Переводы русской литературы
Translations of Russian literature


III


— …Я не люблю женщин за то, что они грубы, за то, что они неловки, за то, что они несамостоятельны, и за то, что носят неприличный костюм! — бессвязно заключил я мою длинную тираду.

— Голубчик, пощади! — вскричал он, ужасно развеселившись, что еще пуще обозлило меня.

Я уступчив и мелочен только в мелочах, но в главном не уступлю никогда. В мелочах же, в каких-нибудь светских приемах, со мной бог знает что можно сделать, и я всегда проклинаю в себе эту черту. Из какого-то смердящего добродушия я иногда бывал готов поддакивать даже какому-нибудь светскому фату, единственно обольщенный его вежливостью, или ввязывался в спор с дураком, что всего непростительнее. Всё это от невыдержки и оттого, что вырос в углу. Уходишь злой и клянешься, что завтра это уже не повторится, но завтра опять то же самое. Вот почему меня принимали иногда чуть не за шестнадцатилетнего. Но вместо приобретения выдержки я и теперь предпочитаю закупориться еще больше в угол, хотя бы в самом мизантропическом виде: «Пусть я неловок, но — прощайте!» Я это говорю серьезно и навсегда. Впрочем, вовсе не по поводу князя это пишу, и даже не по поводу тогдашнего разговора.

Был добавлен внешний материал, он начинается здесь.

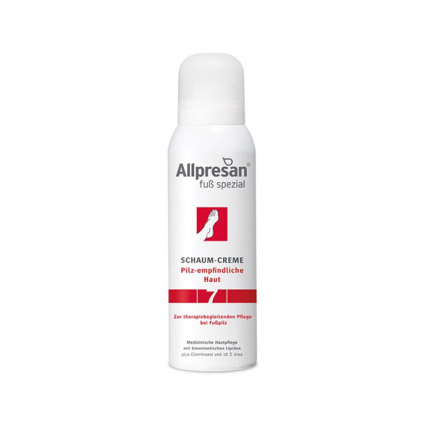 Allpresan Fuß spezial Nr. 7 Schaum-Creme - пенная крем-пена с 10% мочевиной и клотримазолом для дополнительного ухода при терапии грибковых инфекций стоп и ногтей. Увлажняет кожу, восстанавливает кожный барьер, обладает противомикробным действием. Подходит для ежедневного применения.

— Я вовсе не для веселости вашей говорю, — почти закричал я на него, — я просто высказываю убеждение.

— Но как же это женщины грубы и одеты неприлично? Это ново.

— Грубы. Подите в театр, подите на гулянье. Всякий из мужчин знает правую сторону, сойдутся и разойдутся, он вправо и я вправо. Женщина, то есть дама, — я об дамах говорю — так и прет на вас прямо, даже не замечая вас, точно вы уж так непременно и обязаны отскочить и уступить дорогу. Я готов уступить, как созданью слабейшему, но почему тут право, почему она так уверена, что я это обязан, — вот что оскорбительно! Я всегда плевался встречаясь. И после того кричат, что они принижены, и требуют равенства; какое тут равенство, когда она меня топчет или напихает мне в рот песку!

— Песку!

— Да; потому что они неприлично одеты; это только развратный не заметит. В судах запирают же двери, когда дело идет о неприличностях; зачем же позволяют на улицах, где еще больше людей? Они сзади себе открыто фру-фру подкладывают, чтоб показать, что бельфам; открыто! Я ведь не могу не заметить, и юноша тоже заметит, и ребенок, начинающий мальчик, тоже заметит; это подло. Пусть любуются старые развратники и бегут высуня язык, но есть чистая молодежь, которую надо беречь. Остается плеваться. Идет по бульвару, а сзади пустит шлейф в полтора аршина и пыль метет; каково идти сзади: или беги обгоняй, или отскакивай в сторону, не то и в нос и в рот она вам пять фунтов песку напихает. К тому же это шелк, она его треплет по камню три версты, из одной только моды, а муж пятьсот рублей в сенате в год получает: вот где взятки-то сидят! Я всегда плевался, вслух плевался и бранился.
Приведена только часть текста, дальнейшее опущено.